16. Lower wetting angle provides greater surface area coverage by the solder alloys and provides higher adhesion for solderability.
17. On the contrary, higher wetting angle will have lower surface area coverage by the solder alloys and has higher cohesive force yielding poor solderability.
18. The shape of solder on the metal surface depicts a truncated sphere. The more the sphere that gets distorted or less of the sphere that is visible, the higher the wetting of the surface for better solderability.
19. In terms of contact angle, lower contact angle of the alloys will provide better wetting and thus the solderability. 0° contact angle is complete wetting of the surface, 0° to 90° indicates the solid surface is wettable and contact angle above 90° indicates the solid surface is not wettable.
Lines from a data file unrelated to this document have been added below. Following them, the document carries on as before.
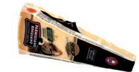
GPR700 PARM. REGG. 24 M. VACCHE BRUNE GR 250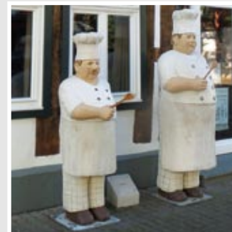
KOCHDUELL, Lange Straße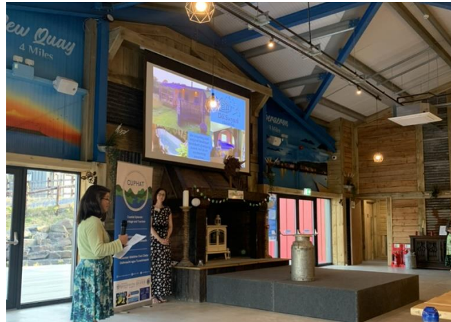
Ócáid cheiliúrtha a réachtáladh sa Bhreatain Bheag, Meitheamh 2023.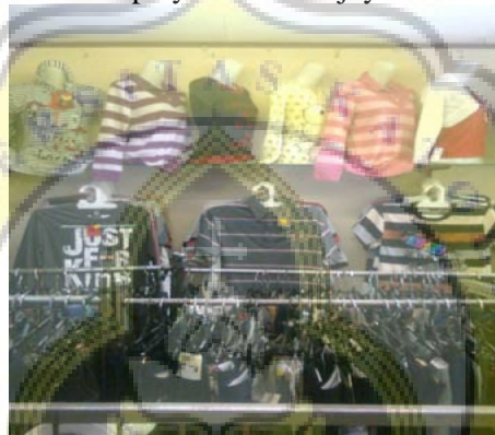
Gambar.Display 5 Toko Wijaya Collection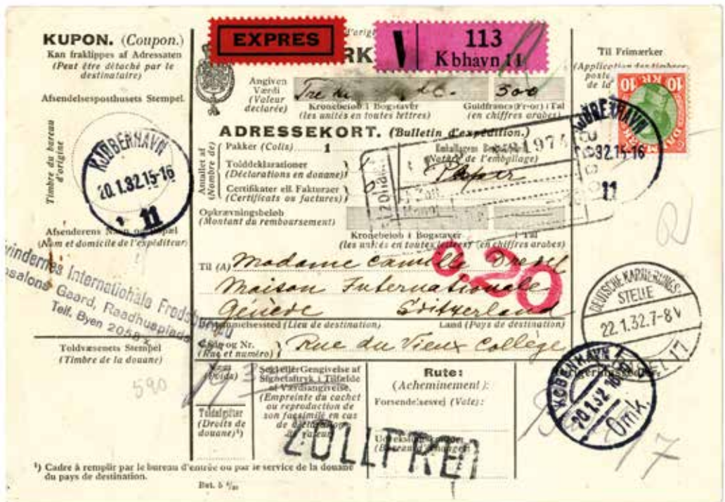
En mulig anvendelse for 10 kroners mærket var på adressekort på tunge pakker til udlandet. Her værdipakke til Schweiz 19,3 kg med ekspresudbringning. Takst 15-20 kg: 900 øre + ekspresgebyr 60 øre plus værdiporto 25 øre + 15 øre pr. 300 Franc = 1000 øre

I min egen forskning i bogtrykte Christian X frimærker har jeg på intet tidspunkt gidet spille min tid med at undersøge ,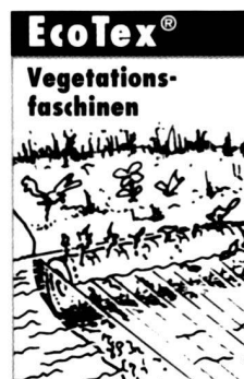
Für Renaturierungen im Wasserbau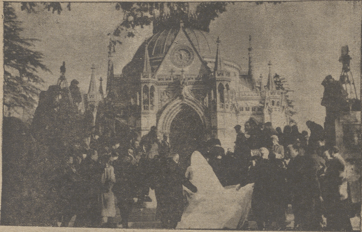
La princesa Elena de Francia, rodeada de fotógrafos por todas partes, a su llegada a la capilla real de Dreux, donde se celebró su enlace matrimonial con el conde de Limburgo Stirum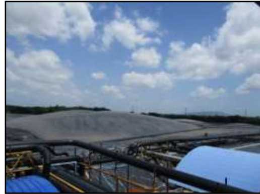
รูปที่ 2-9 พลาสติก HDPE ปิดคลุมบ่อพักน้ำเสียของโครงการ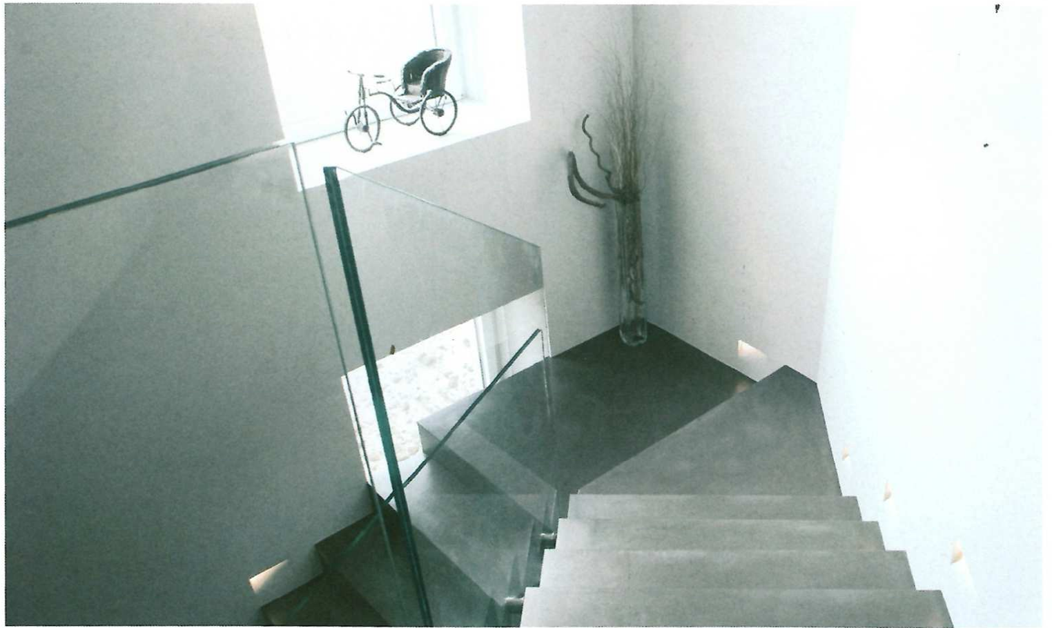
Nella pagina accanto uno scorcio della camera del figlio e degli ospiti con accessori colorati e divertenti. Sopra, la bella scala rivestita in resina color grafite collega la zona giorno e la soprastante zona notte. Sotto, a sinistra, un lampadario sferico con cristalli genera preziosi riflessi sulle pareti circostanti trattate con tinteggiature spatolate.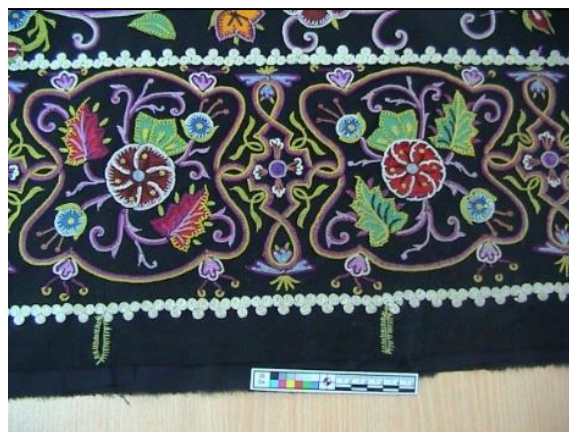
شکل ۱۶- بعد از مرمت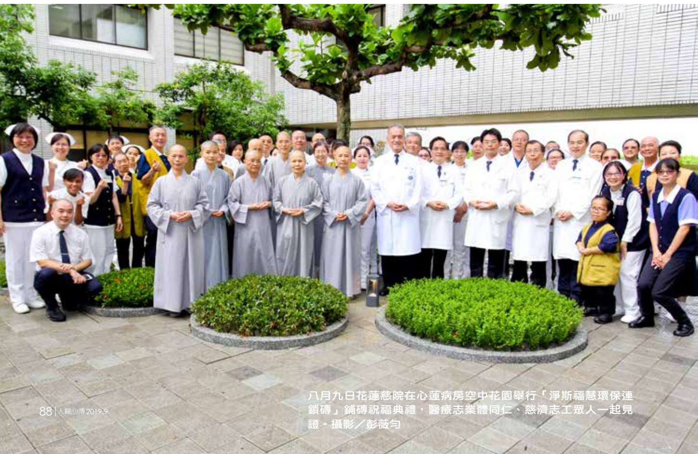
八月九日花蓮慈院在心蓮病房空中花園舉行「淨斯福慧環保連鎖磚」鋪磚祝福典禮，醫療志業體同仁、慈濟志工眾人一起見證。

七位靜思精舍常住師父也特別蒞臨祝福，德如法師表示，以菩薩心照顧病人猶如自己的親人，感恩全院同仁合心和氣、互愛協力，以愛的聯手，照護病人，也祈禱社會祥和，人心能淨化，天下災難就能減少。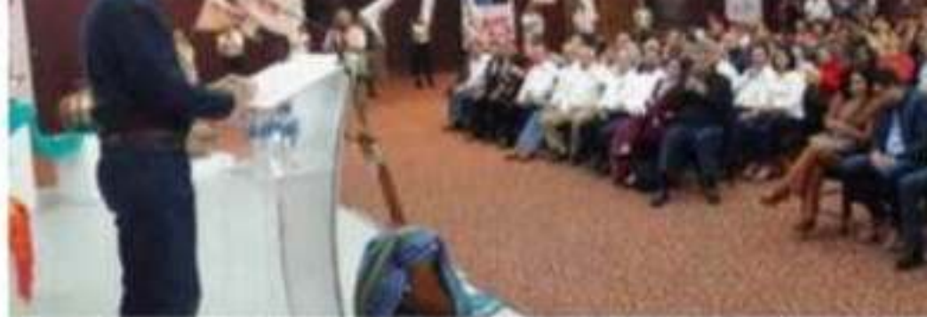
El Senador Cristóbal Arias Salís, durante la Primera Asamblea Estatal de sus Casas de la Unión Ciudadana.

El fondo del asunto en el amparo promovido era que fueron actos ilegales el que el Poder Ejecutivo en su propuesta de Ley de Egresos le asignó un presupuesto a la Junta de Caminos de Michoacán un monto de 0.00 pesos y así lo hizo llegar al Poder Legislativo.

20. The key to good and reliable solder joint is formation of an IMC at the interface. The IMC is formed due to the diffusion of dissimilar atoms at the interface which holds everything together. The IMC should not be too thick, too granular and should be free of any kirkendall voids.
21. Metallic diffusion process depends on temperature & time. Higher temperature and longer time results in higher diffusion process and thus thicker IMC layer.
22. Reflow profile is critical part of the soldering and overall package assembly process and primarily divided into – Pre Heat Zone, Soak Zone, Reflow (Peak) Zone and Cool Down Zone.
23. Reflow profile critical points definitions: RAMP – is change in temperature over time in which slope of the temperature vs time curve changes to 2-4° C/sec. Higher ramp rate causes rapid evaporation of the flux in the solder paste resulting in lifted leads, solder balling and tombstoning. SOAK – is a solder paste phase change process in which all components and PCB board will reach into equilibrium. Too slow of the soak process will have higher flux concentration impacting poor wettability resulting in voids, cold solder joints etc. TAL (Time Above Liquids) – phase changes in the solder paste and reflow is initiated. PEAK – The further increase in temperature over liquidus ensures that the high density areas in the package will also gets proper and complete reflow. COOLING – This is a failing slope and should not exceed 6°C/sec as some packages are sensitive to the higher rate of cooling.